┌─ SUPPLIED DATA
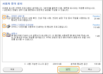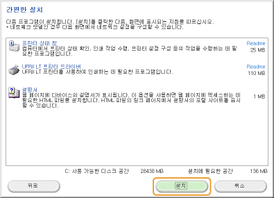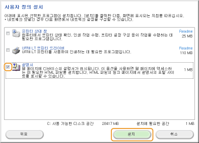 사용자 안내서의 바로 가기 아이콘이 표시되지 않는 경우(즉, 설치된 프린터의 아이콘만 표시될 경우) 사용자 안내서의 포털 사이트 표시를 위한 파일을 따로 설치하기 위한 절차를 수행합니다.
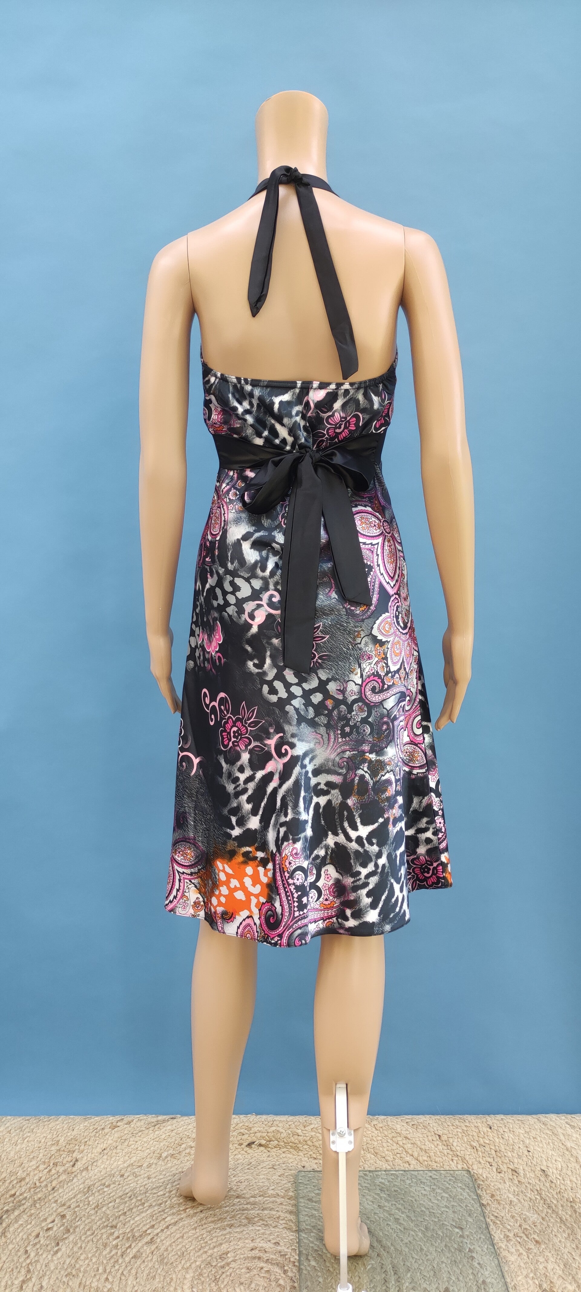 Satin Neckholderkleid bunt Gr. S (36)
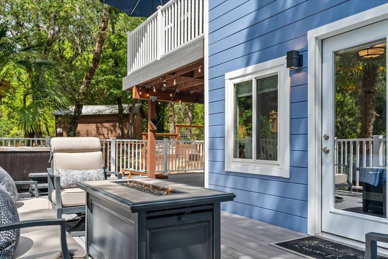Ideal for families, couples, or friends, this serene escape features fabulous decks overlooking the redwoods — the perfect spot for morning coffee or evening cocktails. Enjoy the hot tub, challenge your crew to a game on the bocce ball court, or gather around the fire table for stories under the stars.
└─
*ASSIGNMENT*:
Leaving the pictures out, set down all of the data again exactly.

*SOLUTION TO THIS PROBLEM*:
 사용자 안내서의 바로 가기 아이콘이 표시되지 않는 경우(즉, 설치된 프린터의 아이콘만 표시될 경우) 사용자 안내서의 포털 사이트 표시를 위한 파일을 따로 설치하기 위한 절차를 수행합니다.
 Satin Neckholderkleid bunt Gr. S (36)
Ideal for families, couples, or friends, this serene escape features fabulous decks overlooking the redwoods — the perfect spot for morning coffee or evening cocktails. Enjoy the hot tub, challenge your crew to a game on the bocce ball court, or gather around the fire table for stories under the stars.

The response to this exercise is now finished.